(YOUR OBJECTIVE)
Look through the lines below; wherever the word "showing" appears, copy that line.

___ THE DATA ___

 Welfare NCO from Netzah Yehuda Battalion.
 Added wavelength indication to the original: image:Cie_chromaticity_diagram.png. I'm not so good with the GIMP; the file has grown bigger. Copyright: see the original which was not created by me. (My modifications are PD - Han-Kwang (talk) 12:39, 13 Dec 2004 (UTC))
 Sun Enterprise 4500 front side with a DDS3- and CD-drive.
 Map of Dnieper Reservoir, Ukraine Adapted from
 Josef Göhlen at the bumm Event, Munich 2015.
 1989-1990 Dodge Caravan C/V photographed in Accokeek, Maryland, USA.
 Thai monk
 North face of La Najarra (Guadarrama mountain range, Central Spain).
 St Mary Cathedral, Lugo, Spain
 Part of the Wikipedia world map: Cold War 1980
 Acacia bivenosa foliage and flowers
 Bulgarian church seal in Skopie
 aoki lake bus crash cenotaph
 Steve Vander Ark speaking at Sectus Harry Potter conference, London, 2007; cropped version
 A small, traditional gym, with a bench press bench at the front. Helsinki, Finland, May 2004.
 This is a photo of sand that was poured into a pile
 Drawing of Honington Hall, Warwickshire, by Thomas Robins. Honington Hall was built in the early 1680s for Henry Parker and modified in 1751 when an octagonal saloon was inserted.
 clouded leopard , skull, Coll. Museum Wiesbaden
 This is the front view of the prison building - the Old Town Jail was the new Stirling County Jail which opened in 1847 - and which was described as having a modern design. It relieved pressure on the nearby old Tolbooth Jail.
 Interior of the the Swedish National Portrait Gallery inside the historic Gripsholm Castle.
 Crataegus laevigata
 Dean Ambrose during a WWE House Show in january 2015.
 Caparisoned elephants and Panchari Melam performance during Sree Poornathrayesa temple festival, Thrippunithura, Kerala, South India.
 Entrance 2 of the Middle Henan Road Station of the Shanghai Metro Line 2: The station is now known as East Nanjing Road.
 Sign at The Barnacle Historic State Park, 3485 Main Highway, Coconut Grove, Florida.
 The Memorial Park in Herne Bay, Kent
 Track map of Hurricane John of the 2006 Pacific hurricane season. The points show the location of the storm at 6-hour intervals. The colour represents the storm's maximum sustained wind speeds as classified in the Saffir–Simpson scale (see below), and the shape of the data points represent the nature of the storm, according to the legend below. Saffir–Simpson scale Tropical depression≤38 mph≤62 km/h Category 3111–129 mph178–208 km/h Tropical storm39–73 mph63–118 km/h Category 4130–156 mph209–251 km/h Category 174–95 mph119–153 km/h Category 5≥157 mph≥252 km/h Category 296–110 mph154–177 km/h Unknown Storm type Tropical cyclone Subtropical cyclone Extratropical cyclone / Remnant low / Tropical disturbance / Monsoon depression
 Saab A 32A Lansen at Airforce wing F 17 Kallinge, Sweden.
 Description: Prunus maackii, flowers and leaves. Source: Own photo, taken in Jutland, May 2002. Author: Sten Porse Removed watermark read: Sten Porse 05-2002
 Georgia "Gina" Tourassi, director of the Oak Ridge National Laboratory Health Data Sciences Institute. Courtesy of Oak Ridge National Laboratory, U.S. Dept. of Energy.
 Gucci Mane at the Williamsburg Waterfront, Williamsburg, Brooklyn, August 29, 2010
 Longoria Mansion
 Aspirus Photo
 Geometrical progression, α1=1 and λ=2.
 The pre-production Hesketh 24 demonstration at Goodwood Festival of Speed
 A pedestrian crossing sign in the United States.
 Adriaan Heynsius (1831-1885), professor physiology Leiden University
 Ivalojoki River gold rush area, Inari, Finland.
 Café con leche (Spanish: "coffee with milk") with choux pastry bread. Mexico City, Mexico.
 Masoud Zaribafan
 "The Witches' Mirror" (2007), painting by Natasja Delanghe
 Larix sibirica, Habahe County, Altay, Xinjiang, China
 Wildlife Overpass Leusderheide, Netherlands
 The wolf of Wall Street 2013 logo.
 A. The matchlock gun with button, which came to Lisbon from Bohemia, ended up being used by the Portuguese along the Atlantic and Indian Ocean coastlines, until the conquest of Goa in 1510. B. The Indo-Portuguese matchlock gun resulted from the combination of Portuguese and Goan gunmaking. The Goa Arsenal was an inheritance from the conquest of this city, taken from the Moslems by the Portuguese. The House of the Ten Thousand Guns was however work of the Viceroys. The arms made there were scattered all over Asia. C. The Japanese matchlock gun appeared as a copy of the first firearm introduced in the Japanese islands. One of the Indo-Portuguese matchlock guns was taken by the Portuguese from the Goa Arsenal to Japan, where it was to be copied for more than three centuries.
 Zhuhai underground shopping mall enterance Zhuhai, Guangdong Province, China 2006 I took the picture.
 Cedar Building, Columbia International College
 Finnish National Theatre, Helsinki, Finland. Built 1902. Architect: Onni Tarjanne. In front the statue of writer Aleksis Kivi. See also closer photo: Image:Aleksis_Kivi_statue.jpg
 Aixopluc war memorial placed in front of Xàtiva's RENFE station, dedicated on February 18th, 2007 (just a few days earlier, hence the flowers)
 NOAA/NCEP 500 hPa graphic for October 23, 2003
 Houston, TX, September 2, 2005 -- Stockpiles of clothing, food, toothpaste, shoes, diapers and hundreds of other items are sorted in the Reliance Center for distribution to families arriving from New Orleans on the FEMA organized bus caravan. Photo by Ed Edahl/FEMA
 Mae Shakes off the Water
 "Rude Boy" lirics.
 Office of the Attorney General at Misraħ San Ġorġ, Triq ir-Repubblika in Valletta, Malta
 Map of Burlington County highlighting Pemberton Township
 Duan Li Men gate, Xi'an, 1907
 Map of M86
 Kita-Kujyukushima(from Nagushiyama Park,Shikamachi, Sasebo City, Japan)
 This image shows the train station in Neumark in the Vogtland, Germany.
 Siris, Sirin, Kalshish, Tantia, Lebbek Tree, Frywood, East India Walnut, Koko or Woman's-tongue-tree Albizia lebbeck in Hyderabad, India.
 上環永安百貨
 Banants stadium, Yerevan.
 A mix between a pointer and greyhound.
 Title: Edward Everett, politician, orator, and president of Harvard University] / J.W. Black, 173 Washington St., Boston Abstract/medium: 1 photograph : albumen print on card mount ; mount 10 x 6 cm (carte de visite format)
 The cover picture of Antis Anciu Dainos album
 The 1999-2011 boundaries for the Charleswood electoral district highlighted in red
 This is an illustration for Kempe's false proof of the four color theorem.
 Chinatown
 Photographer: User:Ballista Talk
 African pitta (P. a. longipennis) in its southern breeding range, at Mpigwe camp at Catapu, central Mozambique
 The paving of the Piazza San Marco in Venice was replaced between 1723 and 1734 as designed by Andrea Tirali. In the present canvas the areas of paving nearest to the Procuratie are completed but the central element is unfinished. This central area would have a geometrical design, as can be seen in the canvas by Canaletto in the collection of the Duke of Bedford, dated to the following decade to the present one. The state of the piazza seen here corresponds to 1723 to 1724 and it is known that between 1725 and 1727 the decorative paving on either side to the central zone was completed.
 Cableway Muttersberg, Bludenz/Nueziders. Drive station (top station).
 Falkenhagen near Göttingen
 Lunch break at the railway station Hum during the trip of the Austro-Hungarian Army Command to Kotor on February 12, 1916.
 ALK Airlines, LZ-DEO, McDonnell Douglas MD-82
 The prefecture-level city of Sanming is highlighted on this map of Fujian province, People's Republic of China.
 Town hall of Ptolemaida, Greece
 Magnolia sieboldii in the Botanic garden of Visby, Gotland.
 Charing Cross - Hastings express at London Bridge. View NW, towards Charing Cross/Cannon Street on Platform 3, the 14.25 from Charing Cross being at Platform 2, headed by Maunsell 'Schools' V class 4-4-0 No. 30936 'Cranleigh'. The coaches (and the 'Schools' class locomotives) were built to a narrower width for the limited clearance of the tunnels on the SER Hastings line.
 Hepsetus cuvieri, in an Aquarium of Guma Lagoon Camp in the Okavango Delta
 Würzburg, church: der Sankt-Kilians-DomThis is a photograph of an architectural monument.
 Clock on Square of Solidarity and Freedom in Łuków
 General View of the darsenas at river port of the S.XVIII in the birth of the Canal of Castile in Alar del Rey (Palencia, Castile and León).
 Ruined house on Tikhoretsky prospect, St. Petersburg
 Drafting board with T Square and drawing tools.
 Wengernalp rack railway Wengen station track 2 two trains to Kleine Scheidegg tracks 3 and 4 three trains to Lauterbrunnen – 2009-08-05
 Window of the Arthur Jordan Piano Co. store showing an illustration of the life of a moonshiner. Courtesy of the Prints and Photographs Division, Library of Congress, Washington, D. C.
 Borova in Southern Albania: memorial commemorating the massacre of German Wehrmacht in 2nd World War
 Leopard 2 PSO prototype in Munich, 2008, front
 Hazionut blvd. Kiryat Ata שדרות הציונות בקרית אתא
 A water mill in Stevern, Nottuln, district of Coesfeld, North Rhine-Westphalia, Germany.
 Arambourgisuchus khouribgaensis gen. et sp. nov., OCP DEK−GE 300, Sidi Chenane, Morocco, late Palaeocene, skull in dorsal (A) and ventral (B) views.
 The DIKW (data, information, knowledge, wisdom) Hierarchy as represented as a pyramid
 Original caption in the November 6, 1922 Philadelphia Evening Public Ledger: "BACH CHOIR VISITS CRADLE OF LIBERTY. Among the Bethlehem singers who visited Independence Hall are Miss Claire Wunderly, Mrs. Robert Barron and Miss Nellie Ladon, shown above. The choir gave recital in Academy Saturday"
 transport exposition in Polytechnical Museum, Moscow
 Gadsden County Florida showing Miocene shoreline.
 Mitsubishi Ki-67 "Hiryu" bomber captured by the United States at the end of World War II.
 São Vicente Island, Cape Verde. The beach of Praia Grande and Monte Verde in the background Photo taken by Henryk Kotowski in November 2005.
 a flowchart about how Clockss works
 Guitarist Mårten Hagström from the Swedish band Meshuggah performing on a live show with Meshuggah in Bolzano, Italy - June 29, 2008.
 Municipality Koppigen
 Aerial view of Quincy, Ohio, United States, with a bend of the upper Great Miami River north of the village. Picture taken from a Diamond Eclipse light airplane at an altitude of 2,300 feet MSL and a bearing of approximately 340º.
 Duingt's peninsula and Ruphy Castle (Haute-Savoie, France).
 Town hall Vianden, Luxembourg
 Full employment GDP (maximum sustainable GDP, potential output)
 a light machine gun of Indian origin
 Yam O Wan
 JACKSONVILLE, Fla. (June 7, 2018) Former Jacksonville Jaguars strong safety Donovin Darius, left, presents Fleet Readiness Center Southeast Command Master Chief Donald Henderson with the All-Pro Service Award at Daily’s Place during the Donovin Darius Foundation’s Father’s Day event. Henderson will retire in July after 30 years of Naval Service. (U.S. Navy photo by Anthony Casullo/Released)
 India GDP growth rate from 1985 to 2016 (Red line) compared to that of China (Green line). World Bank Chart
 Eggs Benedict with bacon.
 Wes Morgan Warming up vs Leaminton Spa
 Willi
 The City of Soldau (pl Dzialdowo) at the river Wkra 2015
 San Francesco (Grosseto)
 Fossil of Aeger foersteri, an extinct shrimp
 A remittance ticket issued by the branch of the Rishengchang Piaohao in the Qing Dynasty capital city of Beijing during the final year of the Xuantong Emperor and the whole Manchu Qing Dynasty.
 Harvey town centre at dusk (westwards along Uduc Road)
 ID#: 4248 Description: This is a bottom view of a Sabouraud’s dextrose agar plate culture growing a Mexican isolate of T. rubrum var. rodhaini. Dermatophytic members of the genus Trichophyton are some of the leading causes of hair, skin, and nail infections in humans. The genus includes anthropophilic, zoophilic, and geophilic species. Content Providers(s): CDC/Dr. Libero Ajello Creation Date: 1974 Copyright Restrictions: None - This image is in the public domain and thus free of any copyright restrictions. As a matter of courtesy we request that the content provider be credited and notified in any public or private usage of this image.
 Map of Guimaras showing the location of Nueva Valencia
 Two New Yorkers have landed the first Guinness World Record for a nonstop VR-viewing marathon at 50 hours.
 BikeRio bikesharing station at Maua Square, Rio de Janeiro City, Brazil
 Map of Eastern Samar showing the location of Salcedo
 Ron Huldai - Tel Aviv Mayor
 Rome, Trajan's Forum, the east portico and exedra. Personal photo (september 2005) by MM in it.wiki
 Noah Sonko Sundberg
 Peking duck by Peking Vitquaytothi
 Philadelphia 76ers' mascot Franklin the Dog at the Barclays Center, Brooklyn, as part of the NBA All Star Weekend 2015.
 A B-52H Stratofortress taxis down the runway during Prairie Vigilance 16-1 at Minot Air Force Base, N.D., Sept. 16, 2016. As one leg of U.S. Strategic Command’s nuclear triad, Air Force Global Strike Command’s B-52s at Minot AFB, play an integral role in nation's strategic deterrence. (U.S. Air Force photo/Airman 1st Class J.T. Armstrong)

___

(ANSWER SPACE)
 Window of the Arthur Jordan Piano Co. store showing an illustration of the life of a moonshiner. Courtesy of the Prints and Photographs Division, Library of Congress, Washington, D. C.
 Gadsden County Florida showing Miocene shoreline.
 Map of Guimaras showing the location of Nueva Valencia
 Map of Eastern Samar showing the location of Salcedo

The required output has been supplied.